WHAT YOU WILL DO: Return the stretch from the line with "(Dorius II Pogromca)" through the line with "Yhteisen opasprojektin tulokset" in the data below, character for character, skipping all pictures.

INPUT RECORDS:
Start of Block

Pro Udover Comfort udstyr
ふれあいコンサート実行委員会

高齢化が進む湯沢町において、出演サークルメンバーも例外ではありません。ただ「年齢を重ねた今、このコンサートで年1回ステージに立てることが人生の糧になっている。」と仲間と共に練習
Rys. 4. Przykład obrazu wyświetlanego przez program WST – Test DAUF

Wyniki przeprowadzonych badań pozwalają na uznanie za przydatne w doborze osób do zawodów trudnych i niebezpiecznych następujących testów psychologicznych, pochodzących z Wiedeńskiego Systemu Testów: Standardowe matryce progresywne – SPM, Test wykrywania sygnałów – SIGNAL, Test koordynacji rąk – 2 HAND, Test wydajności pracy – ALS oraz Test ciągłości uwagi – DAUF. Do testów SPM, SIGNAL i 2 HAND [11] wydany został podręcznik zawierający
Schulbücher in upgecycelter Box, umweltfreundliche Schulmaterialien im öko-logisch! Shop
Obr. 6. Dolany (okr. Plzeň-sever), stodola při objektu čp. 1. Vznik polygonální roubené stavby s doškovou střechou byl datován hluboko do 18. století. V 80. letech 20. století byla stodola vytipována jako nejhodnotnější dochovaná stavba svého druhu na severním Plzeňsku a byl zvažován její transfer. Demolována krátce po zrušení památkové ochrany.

End of Block
Start of Block

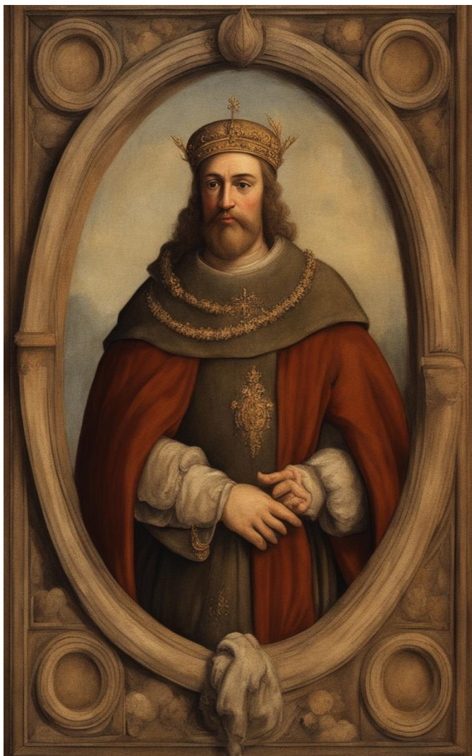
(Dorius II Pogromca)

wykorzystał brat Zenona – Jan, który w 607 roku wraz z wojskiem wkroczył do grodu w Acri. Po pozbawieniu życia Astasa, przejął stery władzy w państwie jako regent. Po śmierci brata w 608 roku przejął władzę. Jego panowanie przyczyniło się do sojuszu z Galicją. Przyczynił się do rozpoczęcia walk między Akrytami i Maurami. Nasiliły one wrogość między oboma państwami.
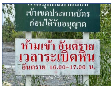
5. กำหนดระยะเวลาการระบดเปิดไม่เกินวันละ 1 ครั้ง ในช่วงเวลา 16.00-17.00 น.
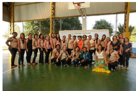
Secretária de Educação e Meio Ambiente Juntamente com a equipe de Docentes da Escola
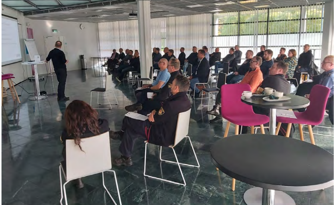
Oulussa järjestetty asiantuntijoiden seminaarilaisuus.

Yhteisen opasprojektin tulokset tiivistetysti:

End of Block

PROBLEM SOLUTION:
(Dorius II Pogromca)

wykorzystał brat Zenona – Jan, który w 607 roku wraz z wojskiem wkroczył do grodu w Acri. Po pozbawieniu życia Astasa, przejął stery władzy w państwie jako regent. Po śmierci brata w 608 roku przejął władzę. Jego panowanie przyczyniło się do sojuszu z Galicją. Przyczynił się do rozpoczęcia walk między Akrytami i Maurami. Nasiliły one wrogość między oboma państwami.
5. กำหนดระยะเวลาการระบดเปิดไม่เกินวันละ 1 ครั้ง ในช่วงเวลา 16.00-17.00 น.
Secretária de Educação e Meio Ambiente Juntamente com a equipe de Docentes da Escola
Oulussa järjestetty asiantuntijoiden seminaarilaisuus.

Yhteisen opasprojektin tulokset tiivistetysti:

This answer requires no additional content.